## WORK REQUEST
Please reproduce the entries below exactly as they stand, but leave the pictures out.

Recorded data
*****

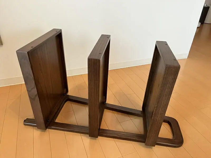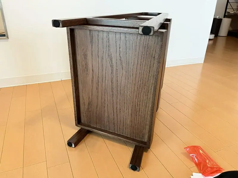 脚の底に始めから緩衝材が付いており、フローリングにキズが付かないようになっている。縁に仕切りがあり物が落ちづらい点など、全体的にユーザビリティに優れた設計がなされている。
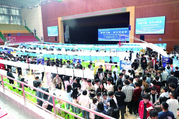 随着毕业季临近,岳阳一年一度的春季校园招聘会正如火如荼地展开。
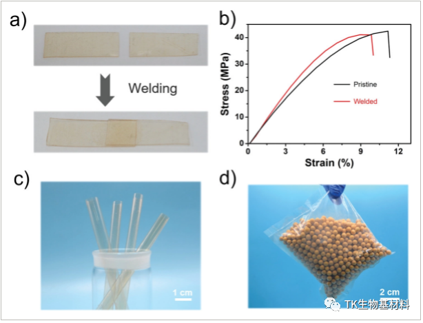 由于环硼氧烷的动态特性,塑料具有独特的焊接能力。如图4所示,将塑料条切成两半,然后将两半重叠并在100 °C和4 MPa的压力下热压,能够重新生成塑料条。拉伸试验表明焊接的塑料具有与原始塑料高度相似的机械性能。得益于优异的焊接能力,塑料可以方便地加工成各种形状的塑料制品,如塑料吸管。此外,塑料还可以简单地用热封机密封边缘来加工成塑料袋(图4)。
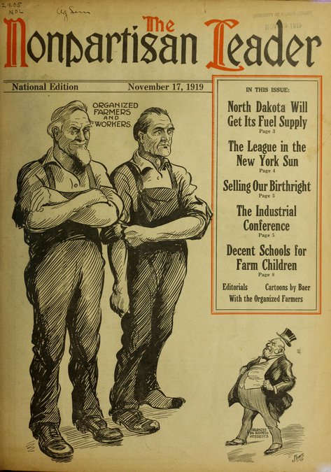 Starting in 1917, a political organization called the Nonpartisan League (NPL) began soliciting Kansas farmers for memberships. Founded in North Dakota in 1915 by Arthur C. Townley, a former organizer for the Socialist Party of America, the group advocated for state control of farm-related industries, including mills, grain elevators, and banks. Although their initial political efforts in North Dakota brought their candidates into control of the state legislature, the governor’s office, and a seat in the U.S. House of Representatives, their position of power in that state didn’t last long.
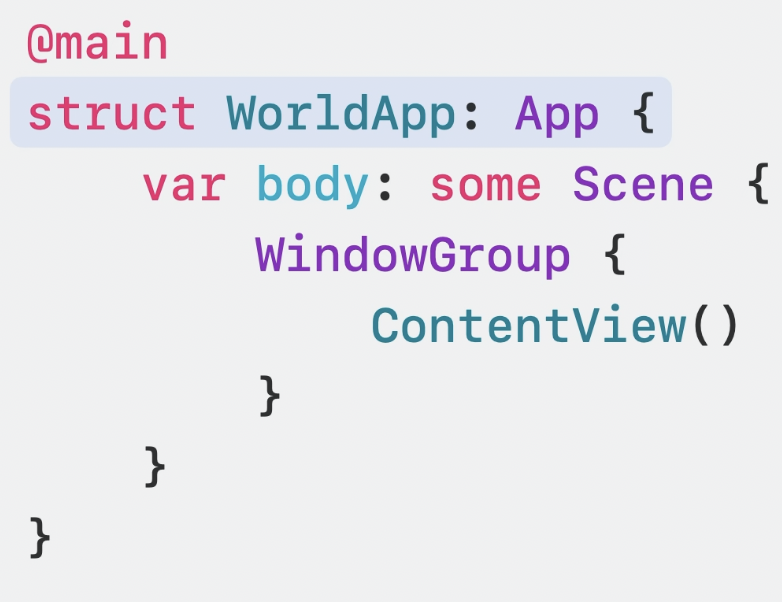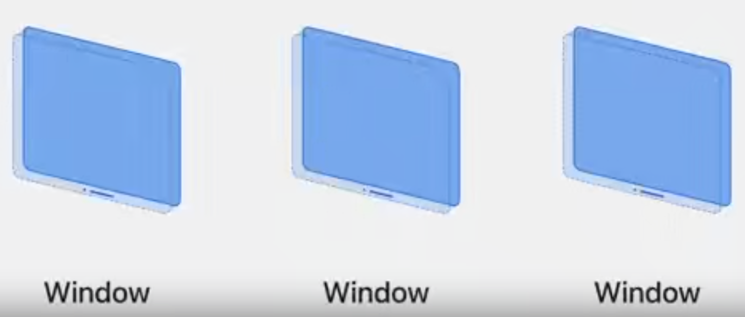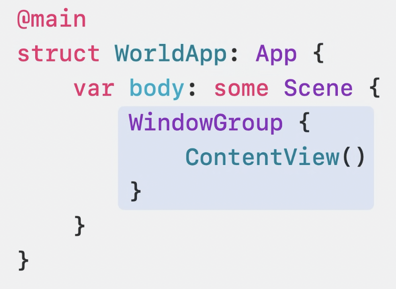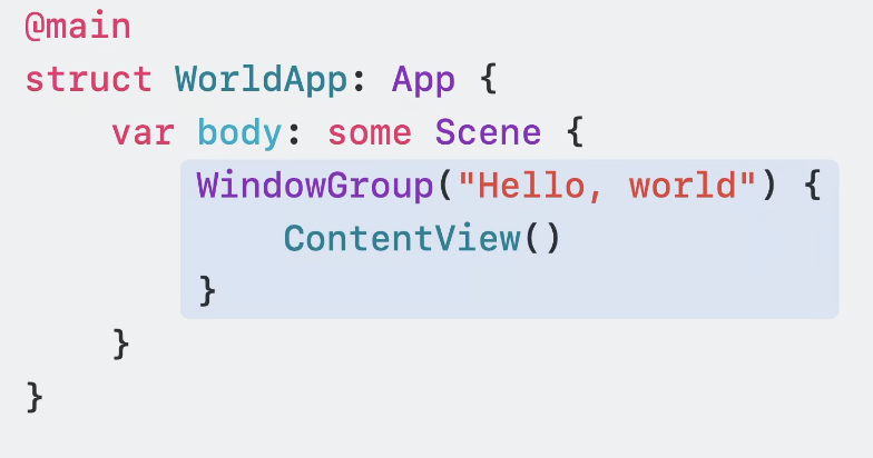 window를 보여주기 위해 다른 플랫폼들처럼 WindowGroup을 이용해준다. WindowGroup을 사용함으로 인해 macOS나 iPadOS처럼 자동적으로 여러 window를 사용할 수 있게 된다.

*****

## YOUR RESPONSE
 脚の底に始めから緩衝材が付いており、フローリングにキズが付かないようになっている。縁に仕切りがあり物が落ちづらい点など、全体的にユーザビリティに優れた設計がなされている。
 随着毕业季临近,岳阳一年一度的春季校园招聘会正如火如荼地展开。
 由于环硼氧烷的动态特性,塑料具有独特的焊接能力。如图4所示,将塑料条切成两半,然后将两半重叠并在100 °C和4 MPa的压力下热压,能够重新生成塑料条。拉伸试验表明焊接的塑料具有与原始塑料高度相似的机械性能。得益于优异的焊接能力,塑料可以方便地加工成各种形状的塑料制品,如塑料吸管。此外,塑料还可以简单地用热封机密封边缘来加工成塑料袋(图4)。
 Starting in 1917, a political organization called the Nonpartisan League (NPL) began soliciting Kansas farmers for memberships. Founded in North Dakota in 1915 by Arthur C. Townley, a former organizer for the Socialist Party of America, the group advocated for state control of farm-related industries, including mills, grain elevators, and banks. Although their initial political efforts in North Dakota brought their candidates into control of the state legislature, the governor’s office, and a seat in the U.S. House of Representatives, their position of power in that state didn’t last long.
 window를 보여주기 위해 다른 플랫폼들처럼 WindowGroup을 이용해준다. WindowGroup을 사용함으로 인해 macOS나 iPadOS처럼 자동적으로 여러 window를 사용할 수 있게 된다.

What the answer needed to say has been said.